​Working on the news desk of a business newspaper was always staid before ​the ​economic reforms kicked in during the early nineties. The daily routine before that used to be to ​edit copies, some with boring details, such as government sanction for oil pipelines to be laid from once place to the other, specifying the width and length of the pipes and so on. Among the daily chores was also making news reports out of the daily offering of ‘official’ press releases delivered in ‘On India Government Service” white envelopes from various Ministries. Of course, the occasional ‘news breaks’ then did turn heads.

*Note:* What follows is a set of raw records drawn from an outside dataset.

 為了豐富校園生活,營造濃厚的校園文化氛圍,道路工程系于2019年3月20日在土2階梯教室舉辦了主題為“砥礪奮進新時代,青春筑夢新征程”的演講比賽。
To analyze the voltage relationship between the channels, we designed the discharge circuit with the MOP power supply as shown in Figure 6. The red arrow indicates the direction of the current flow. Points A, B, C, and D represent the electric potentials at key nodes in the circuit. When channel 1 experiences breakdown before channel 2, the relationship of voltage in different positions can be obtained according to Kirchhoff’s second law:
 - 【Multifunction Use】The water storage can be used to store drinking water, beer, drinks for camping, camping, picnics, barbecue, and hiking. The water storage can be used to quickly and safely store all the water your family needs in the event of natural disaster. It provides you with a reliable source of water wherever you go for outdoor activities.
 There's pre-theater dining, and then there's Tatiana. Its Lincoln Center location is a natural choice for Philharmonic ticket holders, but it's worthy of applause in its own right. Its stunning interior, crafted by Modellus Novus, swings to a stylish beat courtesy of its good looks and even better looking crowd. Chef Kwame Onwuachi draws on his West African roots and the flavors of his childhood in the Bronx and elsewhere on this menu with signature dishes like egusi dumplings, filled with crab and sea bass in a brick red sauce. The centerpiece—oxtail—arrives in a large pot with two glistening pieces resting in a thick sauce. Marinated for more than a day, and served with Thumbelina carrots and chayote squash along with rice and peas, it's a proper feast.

After economic liberalisation in the early nineties, stories started getting juicier in the newsroom. The reporting section underwent a change, milling with PR (public relations) persons, some of whom loitered for hours doing what is now respectfully called ‘relationship building’ with reporters, and editors, too.

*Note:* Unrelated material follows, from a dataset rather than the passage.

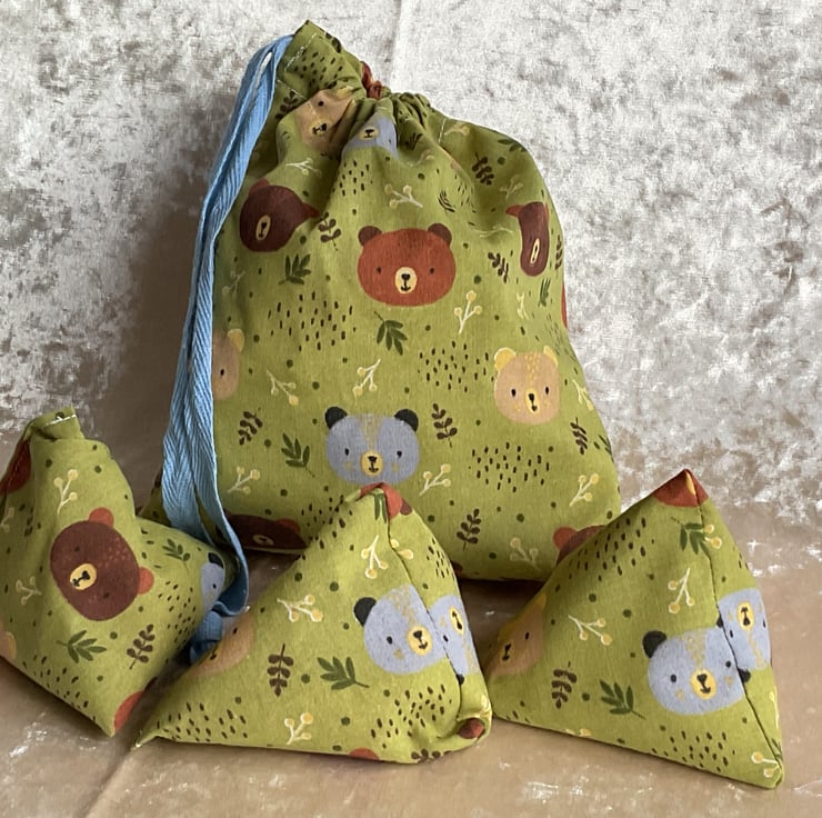 Three little triangle rice filled bean bags that come with a little storage bag to keep them in.

As competition grew fierce, the race for ‘exclusive’ stories began full clip, and so did hobnobbing with PR persons. That’s when ‘lowly deskies’ like me started hearing all kinds of stories of growing corporate foothold in the lives of journalists. Here are some.

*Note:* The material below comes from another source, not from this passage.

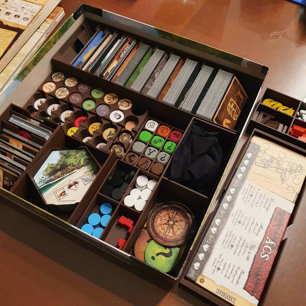 Nếu bạn là một người yêu thích bộ board game sinh tồn Robinson Crusoe nhưng luôn cảm thấy mệt mỏi với đống linh kiện lộn xộn trong hộp, thì đây chính là giải pháp mà bạn đang tìm kiếm. Bộ khay (insert) này được thiết kế để sắp xếp gọn gàng toàn bộ các thẻ bài, token và linh kiện nhỏ, giúp bạn tiết kiệm thời gian bày biện trò chơi để tập trung vào hành trình sinh tồn trên đảo hoang đầy kịch tính. Việc sử dụng insert không chỉ giúp hộp game nhìn chuyên nghiệp hơn mà còn bảo vệ các linh kiện của bạn khỏi bị hư hại khi di chuyển.

A senior journalist, who had shifted from Uttar Pradesh to Delhi with his family for more job opportunities, was visiting his area MP to seek help with school admissions for his children. The MP asked him to come later. As he came out and stood at the bus stop, a person who was present in the MP’s house, approached him and asked him if he could offer some help with school admissions. As it turned out, this person was working in a leading business house and was scouting around to make ‘long-term’ contacts in the media and politics.

Another colleague’s mother had been advised emergency heart surgery, but no bed was available in the hospital concerned. Dejected, he mentioned this to a few colleagues. Soon, he got a call from a PR person, offering to book a room for his mother in the said hospital. Yet another colleague got transferred to Bombay (now Mumbai). The moment he landed, he got a call from a top corporate house: “We can arrange for rented accommodation within your budget. Let us know.”

Fixing jobs, to appointments with specialist doctors, to arranging for visas, school admissions, holidays in company guest houses for family vacations for journalists… the list is long.

It remains to be seen if the can of worms that opened with the busting of the suspected corporate spying case in the Oil Ministry serves as a mere ‘signal’ to the corrupt or actually lead to a clean-up. For, with growing corporate control over media, the rot has gone deeper.